There is a box between them with a screen in it, and to this day I do not know what it is for. It could be for sifting. It could be for rolling. It sat on the table in that Havana market like a piece of furniture too tired to explain itself, and the man rested his forearm on it the way men rest their forearms on things that have been useful to them for a long time, without needing to look at it. A couple of guys a few steps off were selling meat, and somewhere a radio was losing a slow fight with distance.
He was asking her something. You could see it before you could hear it, if you could have heard it at all, which I could not, standing twenty feet away with a camera and no Spanish worth the name. His eyebrows were doing the work. His mouth was doing the work. The cigarette in the corner of his lips had gone unlit and forgotten, a prop in a scene that had moved past needing it.
She had not expected the question. That was the whole of it, the thing the photograph is actually about. Above and behind them the light came down through warehouse glass gone frosted with age, softened, the hard edges sanded off. It had been falling on that table for years before either of them sat down at it. A woman’s face has a setting it returns to between thoughts, and hers had been somewhere else — the work, the heat, the cigarette she’d just lit, which she now held between two fingers like a held breath, smoke rising into that same light, catching it, going from invisible to visible to invisible again. Then he spoke, and the setting changed. Her eyes came around to him sideways, the way eyes do when the rest of the head hasn’t decided yet whether to follow.

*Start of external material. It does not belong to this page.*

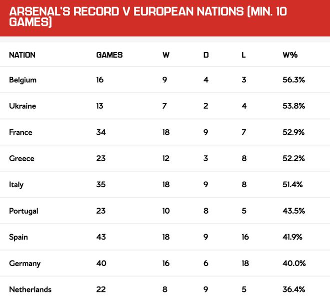 歐冠對(duì)西甲球隊(duì)6連勝后,阿森納對(duì)西甲球隊(duì)的勝率已經(jīng)超過(guò)40%,達(dá)到41.9%。如若此番擊敗馬競(jìng),阿森納將第19次擊敗來(lái)自西班牙的球隊(duì)。而西班牙也將正式成為阿森納取勝次數(shù)最多的聯(lián)賽國(guó)別。

Caught. Not afraid — caught, the way you’re caught remembering something mid-sentence, or caught by a question that arrives at an angle you didn’t see coming.
They had stepped away from whatever the work was — the particular slackness of people on a break, elbows down, shoulders forward, the posture of two people who have stopped doing the thing they get paid to do and have not yet decided to start talking about anything in particular, except that he just had.
Neither of them knew I was there, and I have never quite settled how I feel about that. I took something from two people who never agreed to give it. I have made my peace with it the way photographers do, which is imperfectly, but I have not stopped thinking about it. This is the only kind of photograph worth making all the same, the kind where you are not in the room, not really, where the camera has gone as invisible as the screen on that box, recording a question and an answer that the two of them will forget by the end of the day and that I will keep for the rest of my life, lit by a window neither of them ever turned around to notice.
What they were talking about, I will never know. I have looked at this photograph for thirteen years now and I still want to know.